Так я размышляла, направляя на себя упругий сверкающий поток воды и беспрестанно переключая кран: горячая вода — холодная — горячая — холодная! Контрастный душ! Что может быть лучше для утренней промывки мозгов?!
На х… все эти диагнозы! К черту врачей! К черту анализы и кресло-каталку! Мы победим!
Я вылетела из ванной комнаты и буквально скатилась с лестницы в столовую.
— Быстро завтракать! — крикнула я маме, до сих пор не пришедшей в себя от моих воплей. — Жрать хочу! Жрать!
В состоянии лихорадочного возбуждения я плюхнулась на стул. На столе уже стоял Дашин корнфлекс и ряженка. Подхватив дочку, я усадила ее на колени и начала
В дверь тихо постучали. Я направилась к дверям, но Евпатий уже сам без моей помощи прошел внутрь дома и, чинно поклонившись нам обеим, протянул маме плетеную корзинку, прикрытую расшитым льняным полотенцем.
— Нет границ благодатности нашей земли-матушки! — воскликнул наш язычник. — Отгадайте, голубушки, хозяюшки мои, что я тут принес вам!
Я хорошо помнила содержание нашего с ним недавнего разговора. И, увидев под полотенцем характерные продолговатые очертания, воскликнула:
— Хер!
— Дети же здесь! — осудила меня мама.
— А как ты хочешь, чтобы я разговаривала, выйдя из тюрьмы? Говорю, что думаю!
Я, разумеется, сама поняла, что шутка моя не удалась, но признаваться не хотелось.
Евпатий, судя по всему, на время лишился дара речи и, густо покраснев, сдернул с корзинки полотенце — там лежал крупный, но еще зеленоватый банан.
— Вот, — пробормотал он. — Вопреки всему ходу вещей, награжден за труды мои урожаем заморских фруктов! — Лицо Евпатия вновь озарилось счастливым сиянием. — В секрете держал для доставления вам внезапной радости! Те, которые прочие в связке, дозревают! А этот принес, чтобы с вами вместе торжествовать!
— Куда его нам подвесить для созревания, дорогой Евпатий Микулович? — спросила я.
— Неважно… Главное, когда и он, и прочие уродившиеся дозреют, их надобно съесть и поблагодарить мать сыру землю за чудо сие.
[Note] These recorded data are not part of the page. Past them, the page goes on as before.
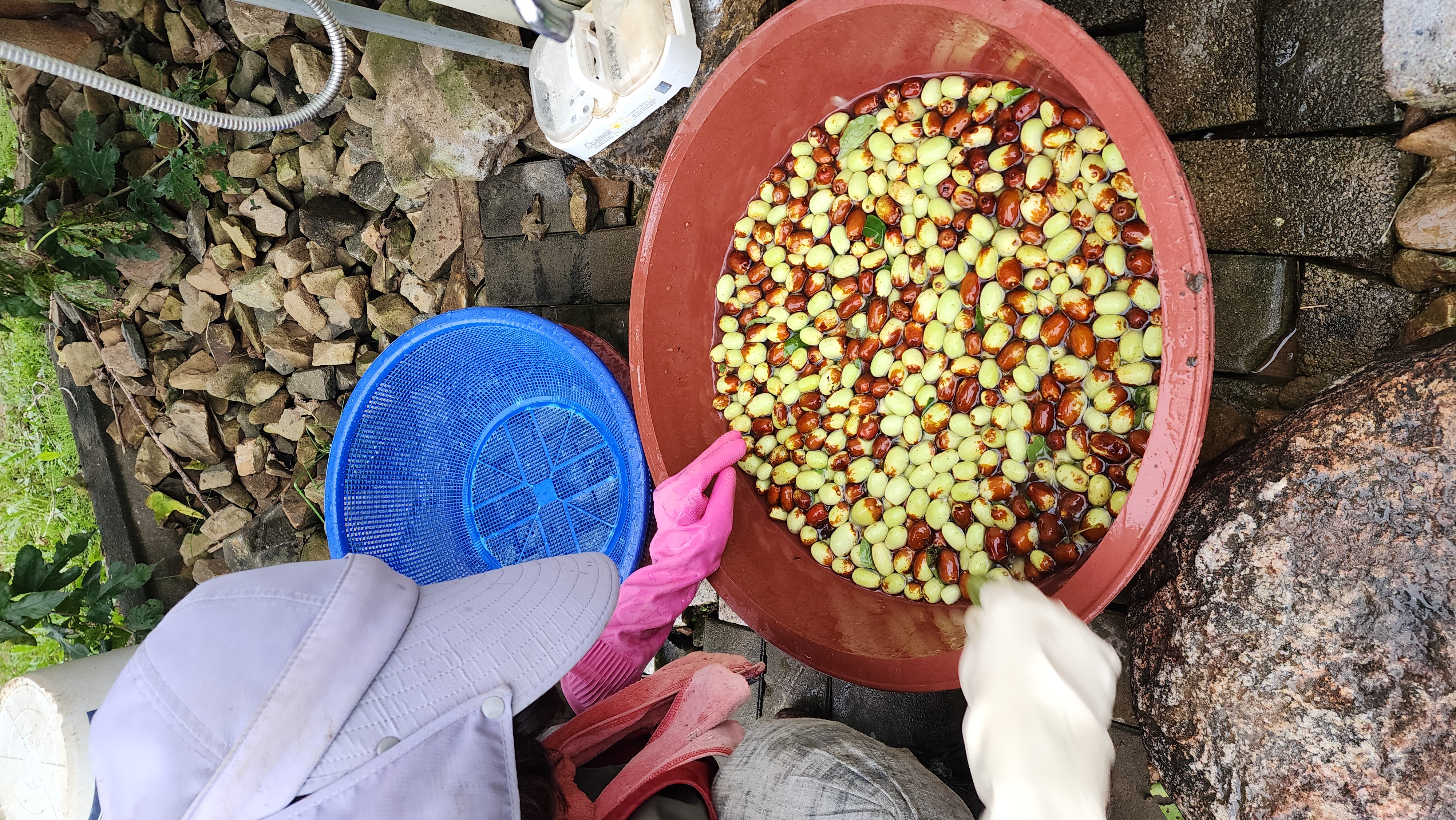 보통 대추수확은 장대같은 것으로 두들겨 떨어지면 줍는식인데~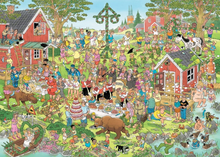 Das beliebte Puzzle aus der Reihe Jan van Haasteren entführt Sie auf ein verrücktes Sommerfestival, auf dem ständig etwas passiert. Der typische Cartoon-Stil voller Figuren, witziger Situationen und einfallsreicher Details sorgt dafür, dass beim Puzzeln keine Langeweile aufkommt. Jedes Teil passt präzise an seinen Platz und enthüllt eine bunte, energiegeladene Szene.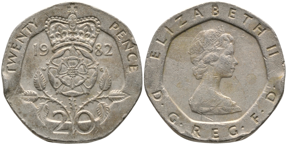 Великобритания 20 пенсов 1982 Елизавета II (1952-2022) KM 931, Spink 4230 (G1) медно-никель 65-956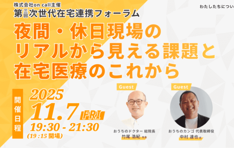 そのONCALLが主催するイベントが2025年11月7日(金)に以下のとおり開催されます。主に訪問看護師、介護士、ケアマネージャーなど多職種の医療関係者約100名が集まる予定です。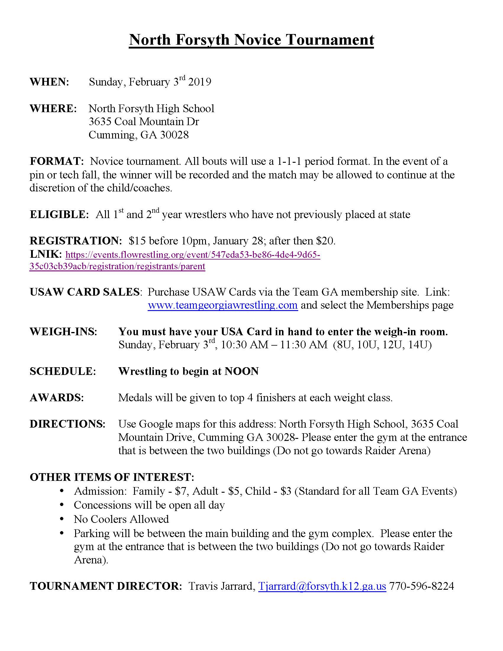 wrestler at novice tournaments, one of the registrations will be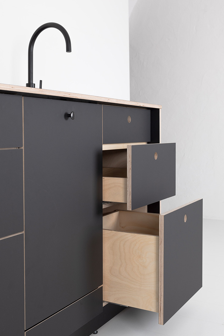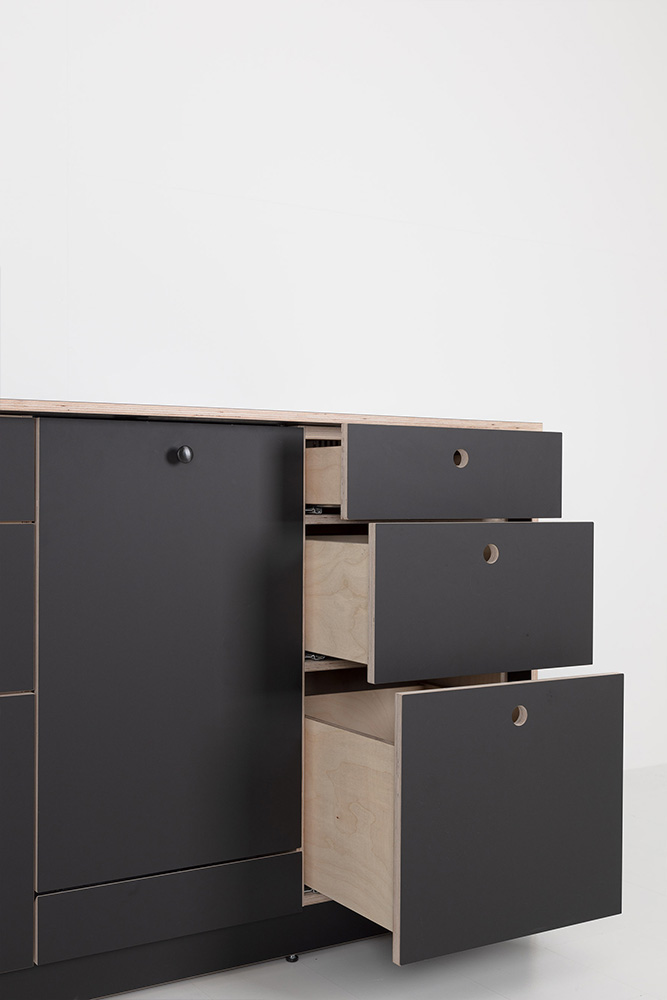 Ihr innovativer Aufbau basiert auf einer tragenden Basis, in die einzelne Schrankmodule mühelos eingeklinkt werden können, abgeschlossen von einer durchgängigen Arbeitsplatte. Diese intelligente Konstruktion macht EVA zu einem wahren Verwandlungskünstler im Alltag – leicht auf- und abbaubar, immer wieder neu konfigurierbar und frei im Raum positionierbar.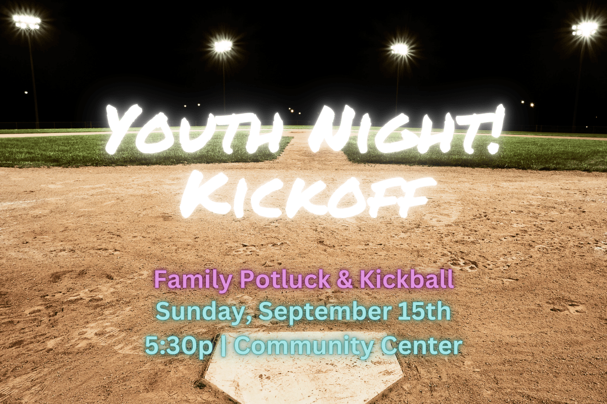 September 15th starting at 5:30pm. Family potluck followed by some kickball!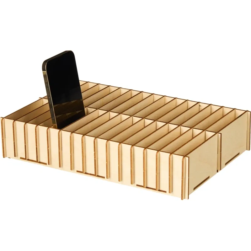 Подставка для телефонов в школу, выполненная из дерева - это органайзер, который поможет организовать рабочее пространство и обеспечить удобный доступ к гаджетам, визиткам, аксессуарам и другим необходимым вещам. Этот настольный держатель хранит мобильные телефоны в удобных ячейках, что делает его незаменимым предметом в школе. С его помощью можно сохранить порядок на столе и убрать ненужные предметы в ячейки. Деревянный ящик - это качество и долговечность. Это экономия времени на поиск телефона по всему классу или кабинету, возможность всегда знать, где находится ваш смартфон.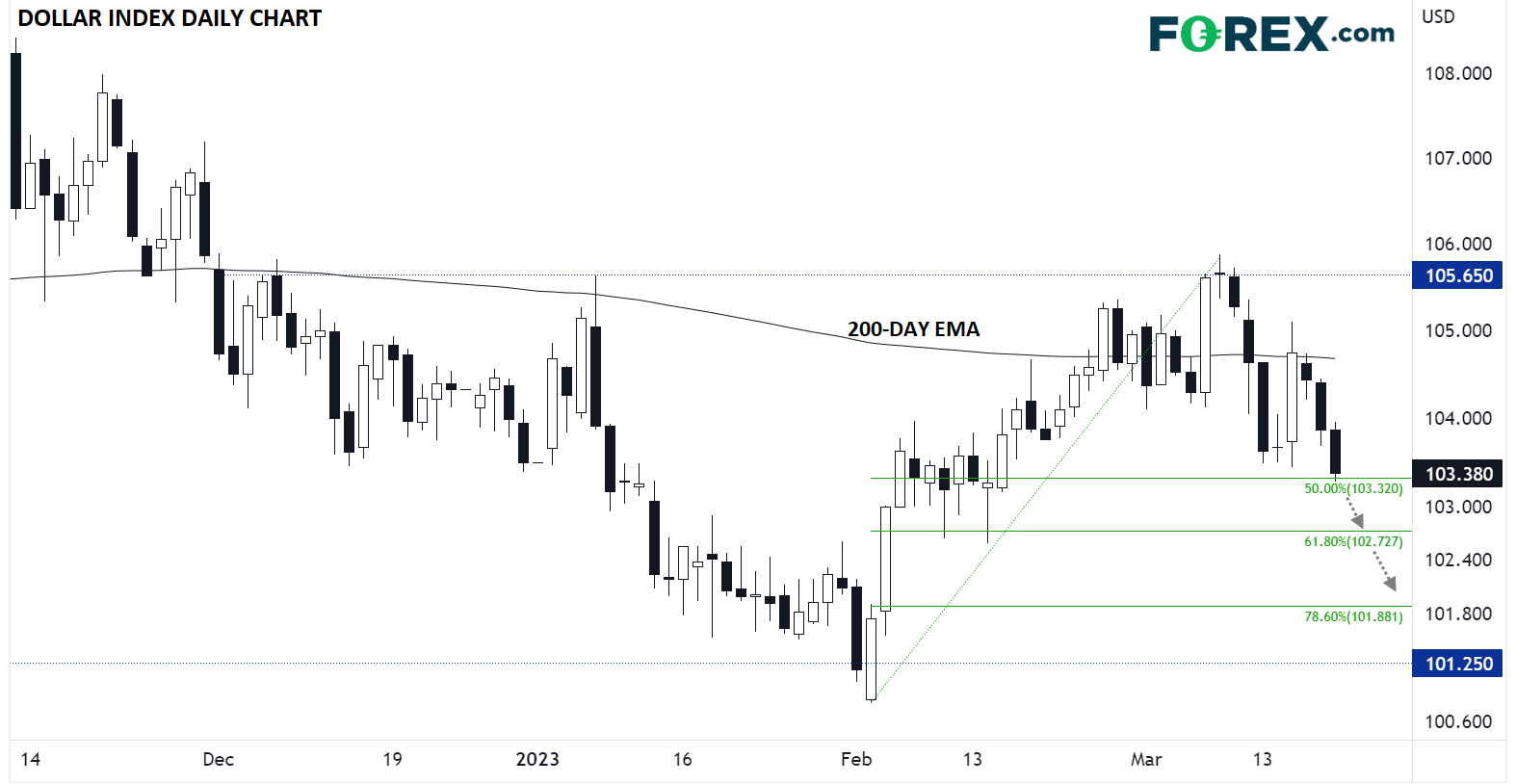 截至撰写本文时,美元正在测试一个多月来的最低点位103.00附近,而几周前还在105.00附近逼近年内高点。中期趋势继续看跌,因此,如果鲍威尔主席和同僚不加息,美元接下来将迅速跌至102.70(今年反弹的61.8%斐波那契回撤位)或101.90(78.6%斐波那契回撤位)。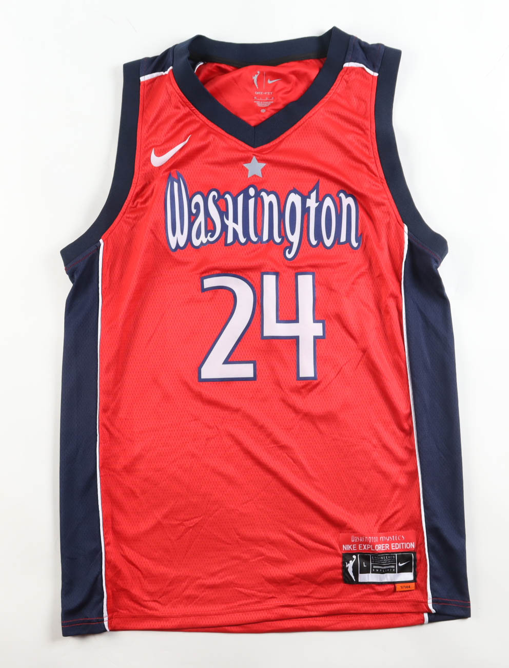 Nike authentic jersey with everything pressed on, size L. Hand-signed by Aaliyah Edwards (Washington Mystics).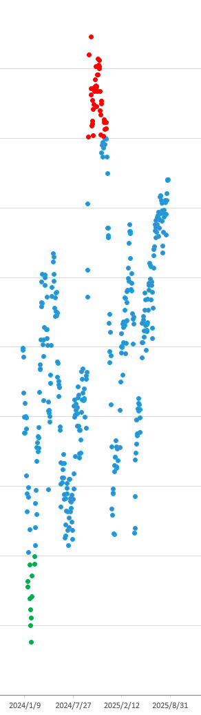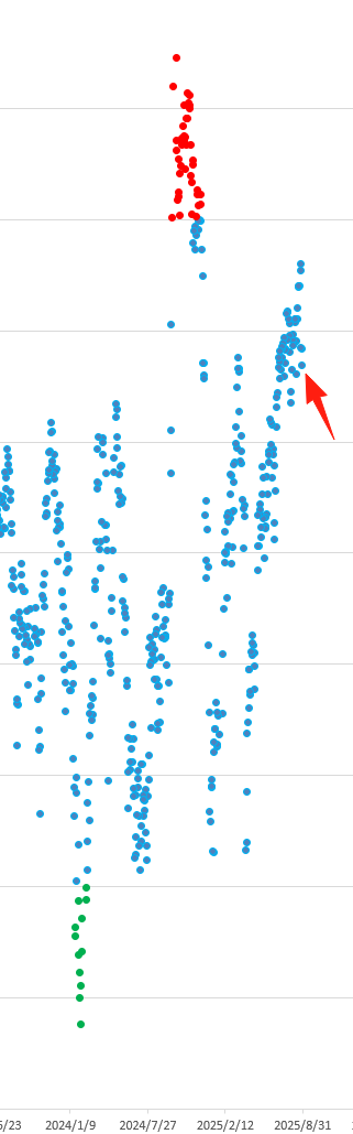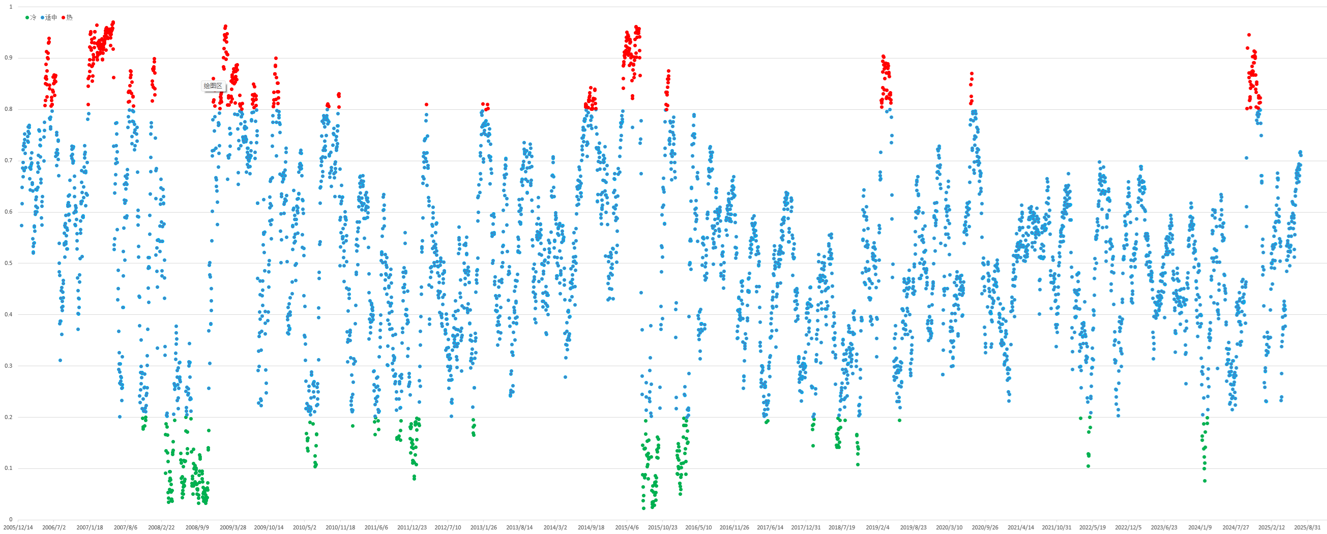 1、把整体市场想象成一个高压锅,情绪值是压力表的读数,从这个角度观察这一波上涨(从20250407开始)并没有到过危险地步。到目前为止,压力最大的那天(20250826)的读数也只有76.01,与去年10月8日的读数94.52相比不值一提(最新读数是45.8)。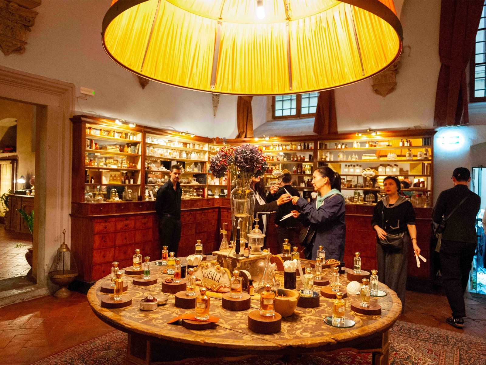 The door of Palazzo Rosselli Cecconi, in the heart of Borgo Santa Croce, opens into a cobbled courtyard and from there, a steep staircase leads to the ancient underground cellars that are now the laboratories of the Aquaflor artisan perfumery. Under the vaulted ceilings, the counters are filled with colored flasks, which look like an alchemist's workshop. There’s the flower room, full of dried flowers of all kinds. And there’s the nose room, where, by mixing different essences, you can create your own perfume.

— Землю-то возблагодарим! — подмигнула я ему. — А вы, Евпатий Микулович, подробно расскажете нам, как работали над банановым проектом. Небось попотели! Не ободрали там себе ничего? А?!
Язычник вновь зарделся и обратился к нам с просьбой о коротком отпуске. Разумеется, отказать ему в этом, особенно после великой «мичуринской» победы, мы не могли. Мама только поинтересовалась, почему он обратился с этой просьбой столь внезапно. Не произошло ли чего? Оказалось — произошло! У Данилы Степановича, родного дяди Евпатия, некоторое время назад случился инсульт. Врачи ничего определенного не обещали, и несчастный уже почти смирился со скорбной судьбой паралитика. Но Евпатий нашел по своим старым тюремно-диссидентским каналам какого-то колдуна-целителя, живущего в деревне в Вологодской области, и решил попробовать излечить любимого брата покойницы матушки нетрадиционным народным методом. Вообще-то я не особо верила во всякие там зелья и привороты неопрятных деревенских старух и вонючих дедов, но, не прекращая все время думать о Лене, решила не упускать никаких возможностей.